The first step you need to perform is to create a dictionary of all the parameters and their corresponding set of values that you want to test for best performance. The name of the dictionary items corresponds to the parameter name and the value corresponds to the list of values for the parameter.
Let’s create a dictionary of parameters and their corresponding values for our Random Forest algorithm. Details of all the parameters for the random forest algorithm are available in the Scikit-Learn docs.
To do this, execute the following code:
grid_param = {
'n_estimators': [100, 300, 500, 800, 1000],
'criterion': ['gini', 'entropy'],
'bootstrap': [True, False]
}
Take a careful look at the above code. Here we create grid_param
dictionary with three parameters n_estimators
, criterion
, and bootstrap
. The parameter values that we want to try out are passed in the list. For instance, in the above script we want to find which value (out of 100, 300, 500, 800, and 1000) provides the highest accuracy.
Similarly, we want to find which value results in the highest performance for the criterion
parameter: “gini” or “entropy”? The Grid Search algorithm basically tries all possible combinations of parameter values and returns the combination with the highest accuracy. For instance, in the above case the algorithm will check 20 combinations (5 x 2 x 2 = 20).
The Grid Search algorithm can be very slow, owing to the potentially huge number of combinations to test. Furthermore, cross validation further increases the execution time and complexity.
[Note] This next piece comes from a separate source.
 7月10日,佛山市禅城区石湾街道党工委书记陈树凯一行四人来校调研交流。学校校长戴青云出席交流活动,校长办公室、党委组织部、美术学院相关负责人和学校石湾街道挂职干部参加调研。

Once the parameter dictionary is created, the next step is to create an instance of the GridSearchCV
class. You need to pass values for the estimator
parameter, which basically is the algorithm that you want to execute. The param_grid
parameter takes the parameter dictionary that we just created as parameter, the scoring
parameter takes the performance metrics, the cv
parameter corresponds to number of folds, which is 5 in our case, and finally the n_jobs
parameter refers to the number of CPU’s that you want to use for execution. A value of -1 for n_jobs
parameter means that use all available computing power. This can be handy if you have large number amount of data.
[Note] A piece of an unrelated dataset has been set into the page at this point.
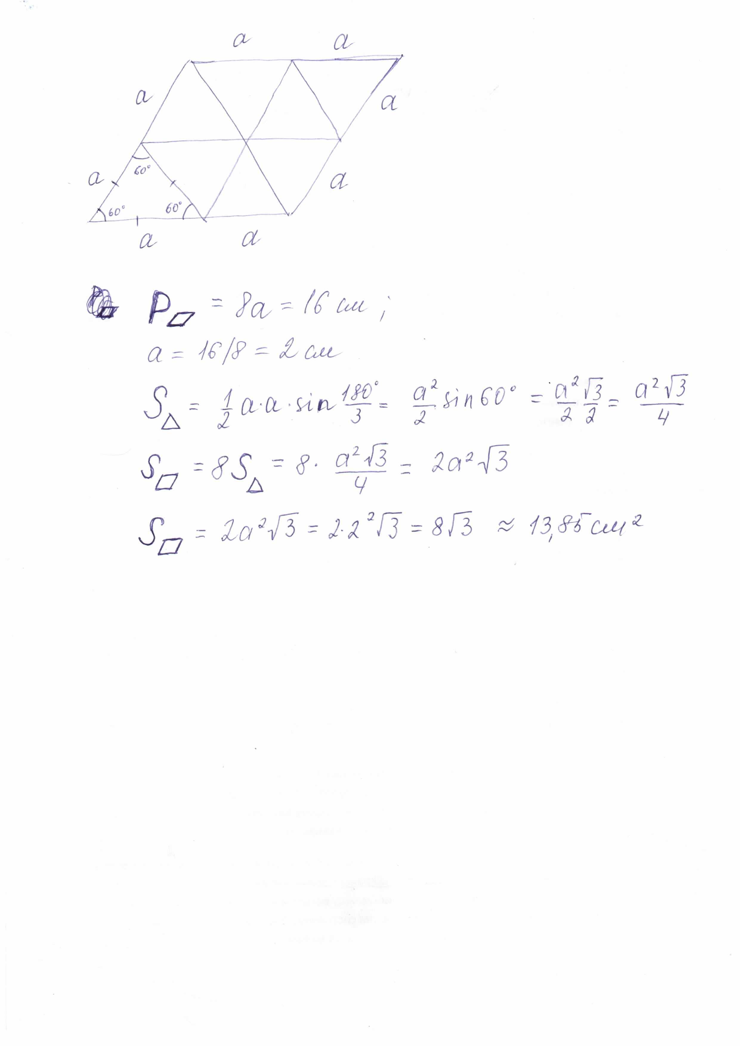 из восьми равных правильных треугольников составили четырехугольник. Вычислите площадь этого четырехугольника,если его периметр равен 16 см

Take a look at the following code:
gd_sr = GridSearchCV(estimator=classifier,
param_grid=grid_param,
scoring='accuracy',
cv=5,
n_jobs=-1)
Once the GridSearchCV
class is initialized, the last step is to call the fit
method of the class and pass it the training and test set, as shown in the following code:
gd_sr.fit(X_train, y_train)
This method can take some time to execute because we have 20 combinations of parameters and a 5-fold cross validation. Therefore the algorithm will execute a total of 100 times.
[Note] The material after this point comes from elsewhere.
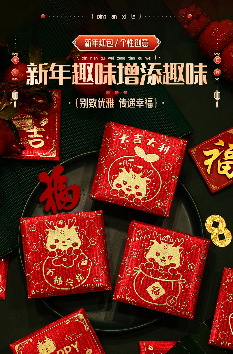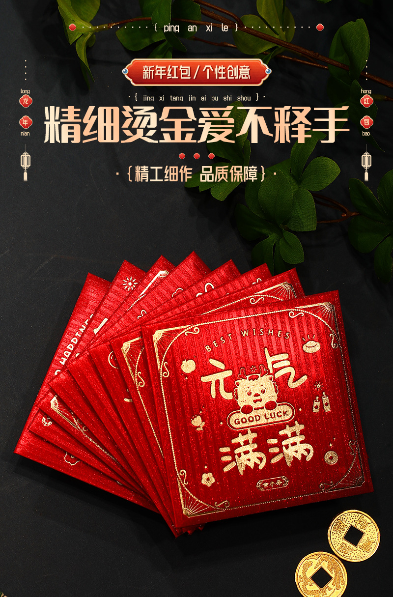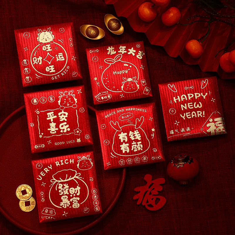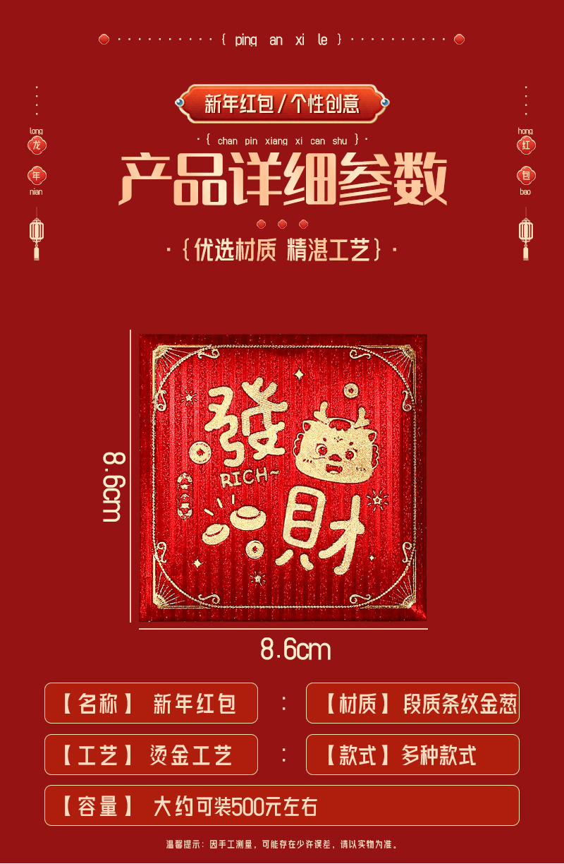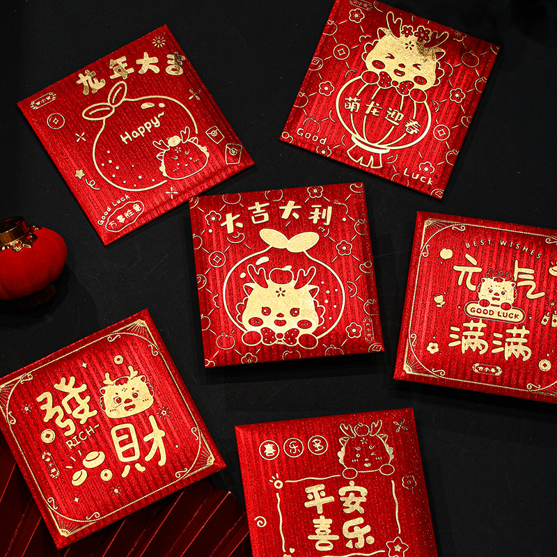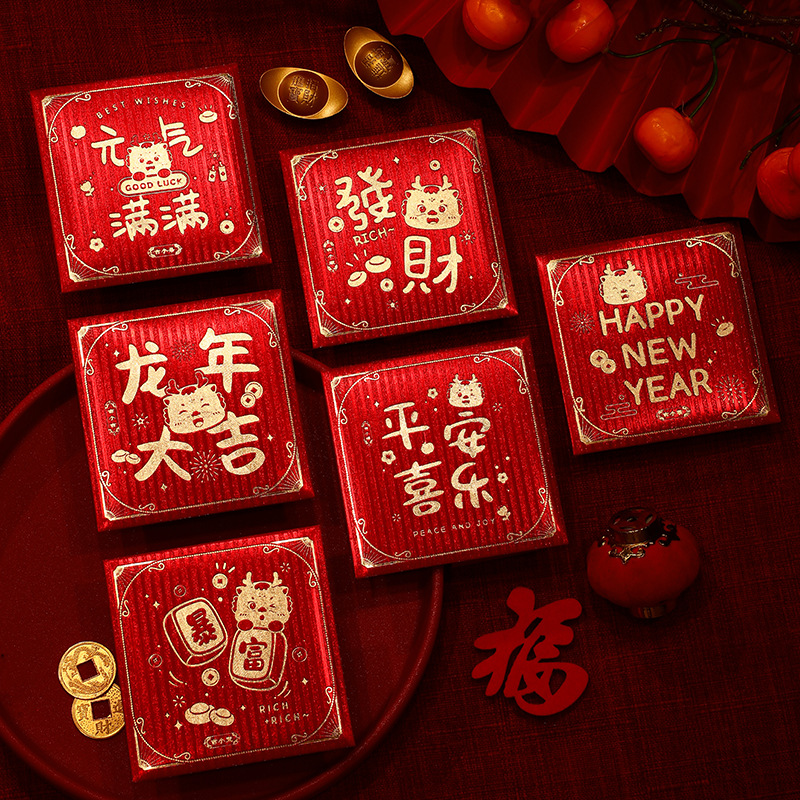 烫金小红包龙年红包创意新年红包压岁包卡通红包批发方形利是封

Once the method completes execution, the next step is to check the parameters that return the highest accuracy. To do so, print the sr.best_params_
attribute of the GridSearchCV
object, as shown below:
best_parameters = gd_sr.best_params_
print(best_parameters)
Output:
{'bootstrap': True, 'criterion': 'gini', 'n_estimators': 1000}
The result shows that the highest accuracy is achieved when the n_estimators
are 1000, bootstrap
is True
and criterion
is “gini”.
Note: It would be a good idea to add more number of estimators and see if performance further increases since the highest allowed value of n_estimators
was chosen.
The last and final step of Grid Search algorithm is to find the accuracy obtained using the best parameters. Previously we had a mean accuracy of 69.72% with 300 n_estimators
.
To find the best accuracy achieved, execute the following code:
best_result = gd_sr.best_score_
print(best_result)
The accuracy achieved is: 0.6985 of 69.85% which is only slightly better than 69.72%. To improve this further, it would be good to test values for other parameters of Random Forest algorithm, such as max_features
, max_depth
, max_leaf_nodes
, etc. to see if the accuracy further improves or not.
Conclusion
In this article we studied two very commonly used techniques for performance evaluation and model selection of an algorithm. K-Fold Cross-Validation can be used to evaluate performance of a model by handling the variance problem of the result set. Furthermore, to identify the best algorithm and best parameters, we can use the Grid Search algorithm.